Славко Яневский - В ожидании чумы
Я перестал присыпать лицо мукой и носить низку лука. Решился. Что было, то было, Агна, надоело мне представляться тронутым, пугать и дурачить сельчан своим безумием. Время мне и время тебе, чего ждать. Но так я только думал. К Агне приблизиться не смел. Ни я, ни Цветко, ни Мартин. Несмотря на всю нашу разность, мы были похожи и одинаковы: у всех чувство мешалось с самолюбием и страхом перед унижением – Агна могла высмеять. Я отступил. Спиридон настоял, чтоб я вернул себе сон, пил в больших количествах отвары из высушенных листьев конопельника, Лозана называла эту траву – канабина. Ангел любви ни к кому не нанимался в поводыри, не ждал монеты, протянутой на белой ладони.
Елилига
пепелига
томазана
до катана
Слова без значения, слова отчаянья. Боль. Сон от меня бежал.
4
ЧАСТЬ ГЛАВЫ ВВЕДЕНИЕ В ПРОКЛЯТИЕ ЮНОСТИ ЧЕТВЕРТАЯ ПО РЯДУ ЖЕСТОКАЯ БУРЯ ЖИЗНИ В КОЕЙ МНОГО ЧЕГО МОГЛО СЛУЧИТЬСЯ НА БЕСКРАЙНЕЙ АРЕНЕ ВРЕМЕНИ ПРОХОДЯЩЕГО СКВОЗЬ НАС КАК И МЫ СИРЫЕ СКВОЗЬ НЕГО ПРОХОДИМ И МОЖЕТ МНОГО ЧЕГО СЛУЧАЛОСЬ ОТ СОЛНЕЧНОГО ВОСХОДА ПОСЛЕ СУШИ И НЕДОРОДА И ПОСЛЕ ГОЛОДОВ И В ГОЛОДА НО ОСТАЛОСЬ И НЕЧТО ТАКОЕ ЧЕМУ НЕТ В ЭТОЙ ЧАСТИ ИМЕНИ ЧЕГО НЕ НАРЕЧЬ ЧЕРНЫЙ СТЯГ ИЛИ СЕРДЦЕ КУКУЛИНО МЕРТВО ИЛИ ОТВОРИ ЕМУ
БЕЛЫЕ ДВЕРИ ГОСПОДИ ИБО ОН БЫЛ БОЛЬШЕ ЧЕМ КУКУ-ЛИНСКОЕ СЕРДЦЕ ВЕДЬ У НАС НЕ РОЖДАЛИСЬ И НЕ ВОССЫЛАЛИСЬ В ВЫСИ СВЯТЫЕ ДАБЫ ОТКРЫЛИСЬ ИМ НЕБЕСНЫЕ ДВЕРИ А Я ТЕПЕРЬ НЕ ОБМАНЩИК КАК ПРЕЖДЕ Я ТЕПЕРЬ БЕЗУМЕН ОТ БОЛИ…
Тимофей скончал свои дни.
5. Огонь и лед
«Воспоминания – рай, из которого нас не изгонят, ибо нас в нем удерживают цепи ада».

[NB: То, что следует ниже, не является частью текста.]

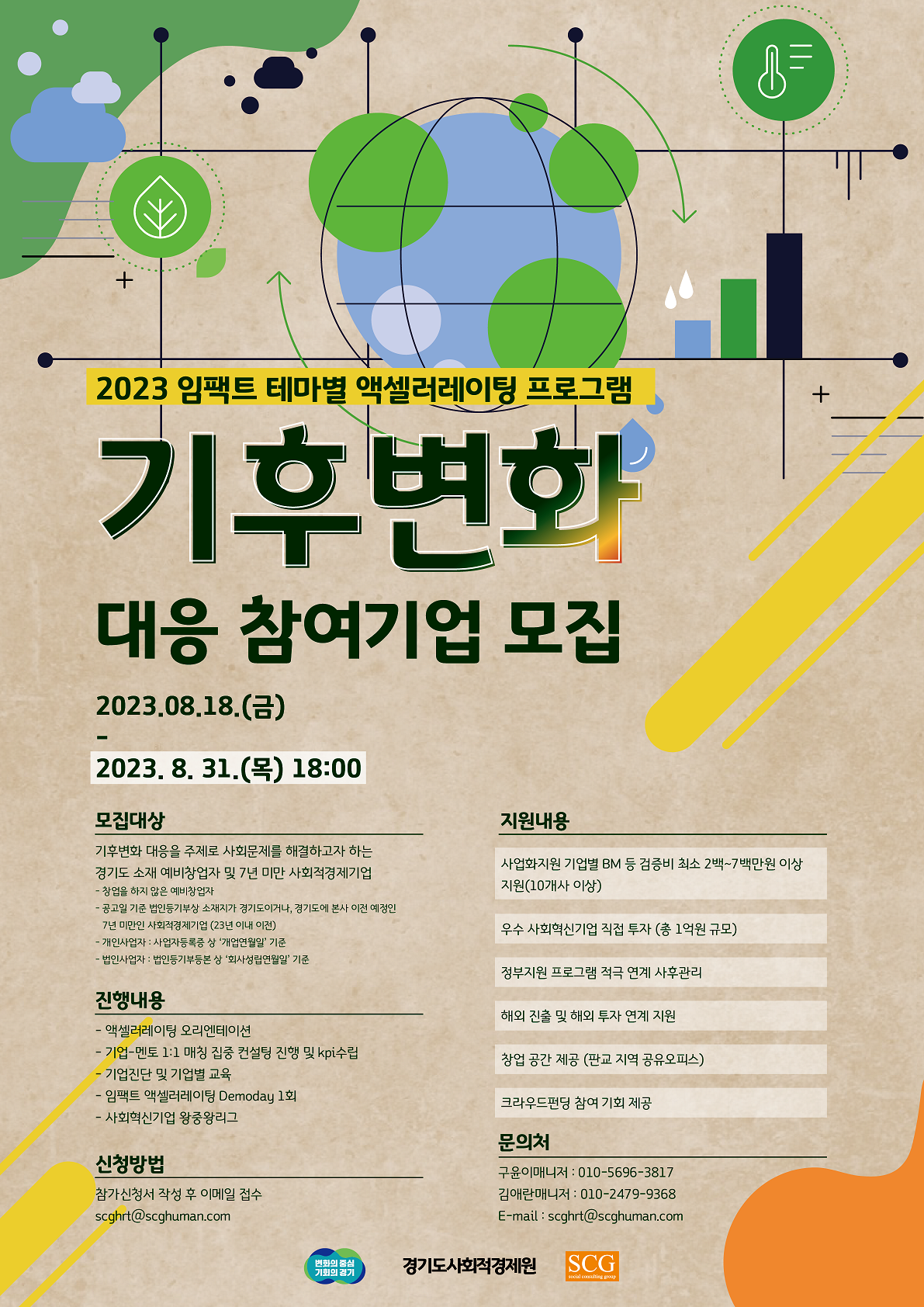 ✅공모문✅ 「2023년 임팩트 테마별 액셀러레이팅 프로그램 (기후변화대응) 」은 경기도사회적경제원과 (주)에스씨지가 기후변화대응을 주제로 한 사회혁신기업 성장을 위해 지원하는 프로그램입니다. 기업 BM분석을 통한 수요 맞춤형 교육 프로그램, 데모데이를 통한 투자자 연계 및 시장진출 성과 지원 등 맞춤형 액셀러레이팅 프로그램을 통해 성장할 경기도 소재 예비창업자 및 7년 미만 사회적경제기업의 많은 관심과 참여 부탁드립니다. 2023년 8월 18일 경기도사회적경제원

«Не понимаю тебя, учитель».
«Я тебе не учитель, Ефтимий. Твоего учителя закопали».
«Все равно. Я не понял тебя, Спиридон. Поясни».
«Не могу. Вот вытешу для дома новую дверь, старая подгнивает. Может, завтра».
«Завтра?»
«Завтра или нынче вечером».
«Завтра у нас не будет вина, Спиридон. Лист сохнет по виноградникам, умирает от своей чумы».
Жизнь моя не вошла в естественное течение, которое подхватило бы корабль моей юности. Нет, я не знал пути, каким погоню упряжку белых коней к радугам и золотым куполам радости, откуда протянется ко мне белая рука с бокалом амброзии любви, зацеляющей раны души и шрамы. Пусть я мог себе являться во сне величественным, в одеянии из солнечных лучей, чистым и бесплотным, не убогим и ничтожным, каким был, – жестокий жнец и отщепенец, жестокий лжец, от одиночества прикинувшийся безумным. Таковым я не был и быть не мог: я страдал душевно и впадал в тоску, неведомую безумцам, они несчастны лишь в сознании других, постигающих несчастье разумом, распаленностью рассудка, человечьего или звериного.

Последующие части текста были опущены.